A Quick International Friday
Today we chose to forgo our traditional Friday-night homemade pizza (an obsession that will be quickly revealed in other posts). So I found myself in the grocery store on the way home from work.
Having attempted to cook lighter and healthy recently, I was hoping to find a good piece of fish for a quick dinner. Not finding anything I was terrible inspired by, I instead found myself pausing over an unlikely combination of pairing on the shelves of Indian tikka masala sauce and French brie cheese.
What soon emerged as I wandered the aisles was a sort of disconnected round-the world tasting. Surprisingly it worked. The resulting menu (not so much cooked as gathered):
- Ciabatta bread from the bakery (Italian)
Paring options for the bread:
- Spiced olive oil for dipping made back at the house
- Tikka Masala sauce from the store (Indian)
- Brie cheese (French)
- Roasted whole chicken (admittedly prepared at the store rather than homemade)
- Pan-seared green beans (fresh beans from store prepared at home)
- Hogue White Riesling (Washington)
- Dessert: Ricotta flavored with honey and caramel, topped with cherries
It made for a quite diverse and satisfying meal, requiring only about half and hour of prep when I got home.
I think I was most happy with the pan-searing green beans -- a new recipe for me. I had an approximate idea in mind, after discovering the beans at the store, but ended up even exceeding my thoughts by modifying the recipe found here: http://www.oregonlive.com/recipes/oregonian/index.ssf?/base/living/1185582599237980.xml&coll=7
The modified recipe:
Ingredients (ultimately, all spicing was unmeasured and to taste)

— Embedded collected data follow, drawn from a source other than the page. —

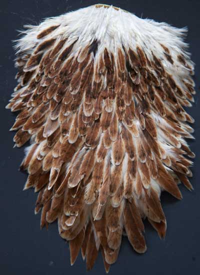 Here's one that has gained quite a following. It's a rare on and I get call for this hen cape all the time. The feathers on these Whiting hen capes are small to medium in size and the stems are long enough to get 5 to 6 wraps per feather. Looking for individual colors? Visit my page; Whiting Hen Capes.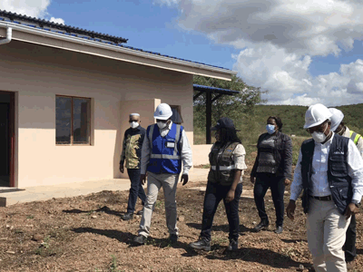 Cecilia女士先后参观了移民房、副坝、溢洪道和水库管理站新办公大楼,并现场观摩了弧形闸门的启闭演示。她边看边问,详细了解各分部工程的建设情况和项目总体进度,认真听取日常施行的各项防疫措施;在得知项目即将竣工的消息后,对承包商的表现表示高度赞赏。她动情地说道,尽管现在新冠肺炎肆虐全球,但是优秀的中国承包商在做好各项防控措施的基础上,仍然坚守战线、迎难而上,充分体现了履约精神和奉献精神,值得尊敬!她表示,也许疫情将持续一段时间,但是只要承包商有困难,就要毫不犹豫地向政府表达,公共工程部永远是承包商坚强的后盾。她强调,业主国家水务局和承包商要更加精诚团结,充分估计疫情可能造成的各类影响,谋划在前、全盘统筹,以缜密的防控措施和有力的生产行动站好最后一班岗,如期实现项目移交和运营,为300万首都人民带去生命之水。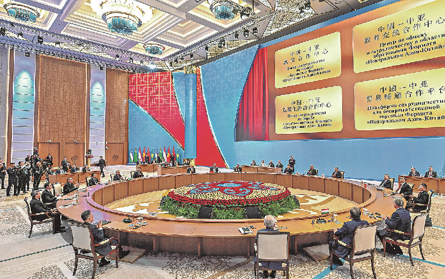 当地时间6月17日下午,第二届中国—中亚峰会在阿斯塔纳独立宫举行。哈萨克斯坦总统托卡耶夫主持会议。中国国家主席习近平、吉尔吉斯斯坦总统扎帕罗夫、塔吉克斯坦总统拉赫蒙、土库曼斯坦总统别尔德穆哈梅多夫、乌兹别克斯坦总统米尔济约耶夫出席。这是习近平同中亚五国元首共同出席中国—中亚减贫合作中心、教育交流合作中心、荒漠化防治合作中心和贸易畅通合作平台揭牌仪式。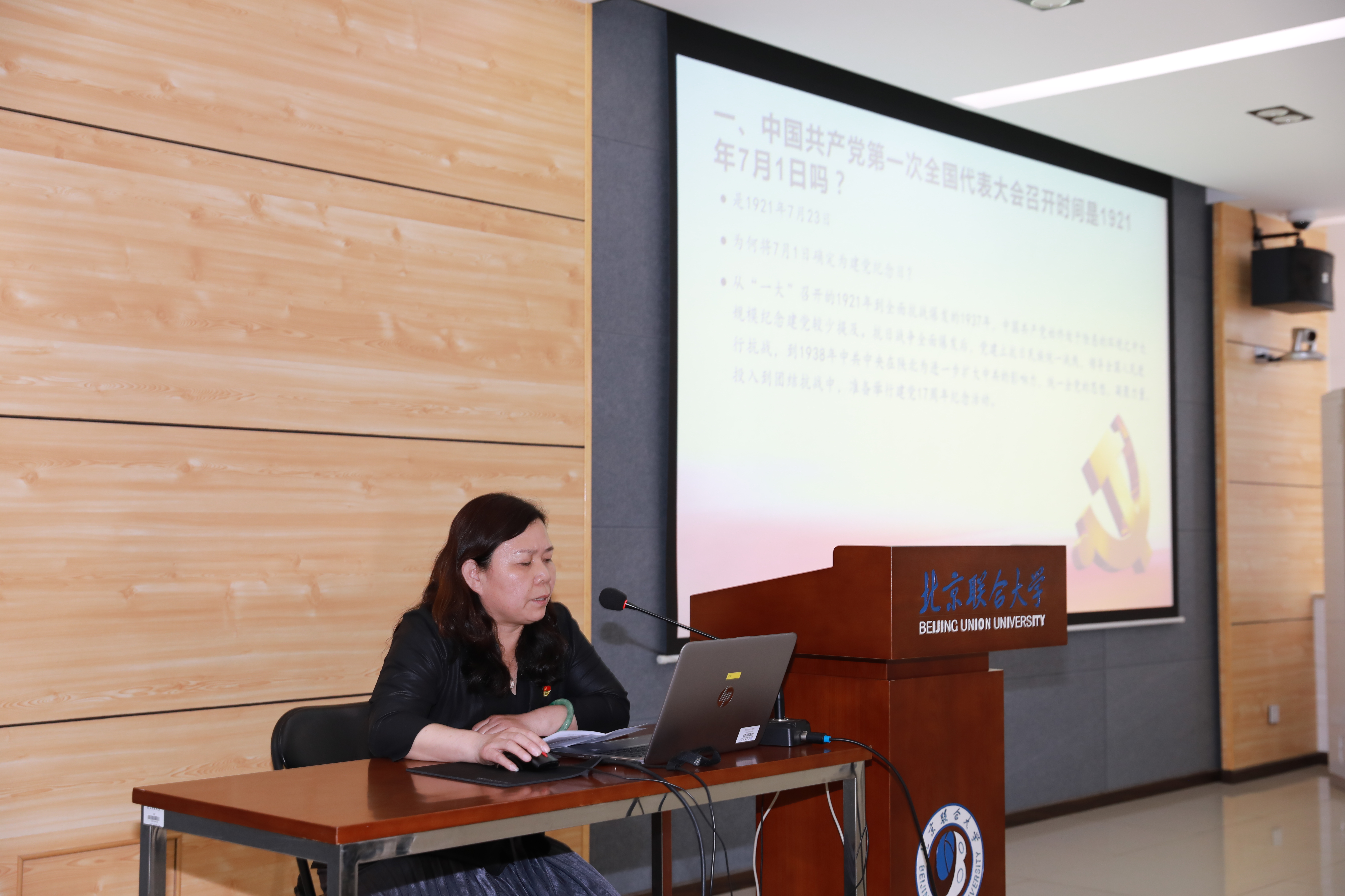 三支部委员路连英以“回顾党的‘一大’ 坚定理想信念”为题进行了宣讲。她讲述了党的一大召开及建党纪念日的由来,提出新时代党员要接过前辈们的旗帜,坚定理想信念,牢记初心,勇担使命,在新的征程中再造辉煌。

- Fresh green beans, trimmed
- 1 T horseradish mustard
- 1/4 t cayenne pepper
- 1/2 t paprika
- 1 t chili powder
- 2 gloves garlic, minced
- 1/2 t kosher salt
- combine and toss ingredients
- Heat a couple tablespoons of olive oil in a skillet until almost smoking
- Add beans, trying to maintain a single layer (stacking is not advantageous)
- Sear beans, without turning for approx. 5 minutes until they begin char in spots (trust me, this is a good thing)
- Toss beans, sear second side for 3-5 more minutes, until second side is lightly charred
Plate it and eat immediately.
Spicy, crunchy - a great take on the ol' bean, and a new favorite.